New catheter and cutter project

I also gained a new project this week. I will be working on a catheter and cutter combination. The fundamental idea behind this device is that the catheter is used to position electronic lead wires in the heart. Once these wires are positioned, the catheter is removed. This is tricky because the wires are threaded through the catheter so moving the catheter may reposition the wires. This is where the cutter comes in; the catheter is sliced away while the wire is held in place much like a letter opener. The project itself is similar in concept to my previous leveraging project, but deals with the design change of only one product. So in this case, I will be more or less leveraging the older version of the product to prove that the newer version is safe and effective. This requires a different type of report called a DCAF (Design Change Analysis Form). To complete this comprehensive form, I must review every facet of the device to determine what aspects and product specifications are affected by the change. This may seem simple, but there are so many aspects of the device to consider: its functionality, the risks involved, the testing already completed, FDA guidelines, marketing claims, the packaging, biocompatibility, and more. So I will, with the help of my coworkers, analyze each of these aspects of the product, document what has and has not changed, and support my claims with engineering reasoning. Even though it may seem extensive, I am excited to tackle the task because it will help me understand more deeply how a product balances all of these diverse aspects and also add value to Boston through my work.

YPN professional development event

As an unexpected opportunity this week, I was also invited to a professional development workshop hosted by YPN (Young Professionals Network) and organized by several of my coworkers. The purpose of the workshop was inspire and give advice to those of us who are just starting our careers.
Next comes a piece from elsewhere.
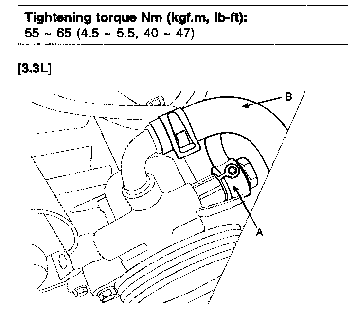 2. Disconnect the pressure tube (A) and suction hose (B) from the power steering oil pump.

I learned a lot from the eight speakers. My favorite was Boston’s SVP Global Manufacturing and Supply Chain who talked about career development. His advice was, “Be good at what you do. Say yes. Deliver results. And the company will give you more and more hard things to do.” I found this to be good advice, especially when he also expounded on the idea of creating my own dream job in my current situation instead of expecting my dream job to fall into my lap. This is an important concept for me because if I try to find my dream job then I may be searching forever; but if I create my dream job in incremental steps, then I am assured of “finding” it. This also drove home the fact that it requires a significant amount of time and effort to develop my dream job and that I should expect this. By the same token, my dream job will never be perfect, but I can always work to improve it. This makes me optimistic about my future jobs as well because jobs are not these rigid things that I had imagined, rather they are fluid and shapeable, offering flexibility to those willing to mold their jobs. Since I strive for perfection, this perspective shift of jobs from finding buried treasure to accumulating my own treasure over time will help me tremendously in the future. I will now choose a non-ideal job with potential over a momentarily better job without the ability to be adjusted.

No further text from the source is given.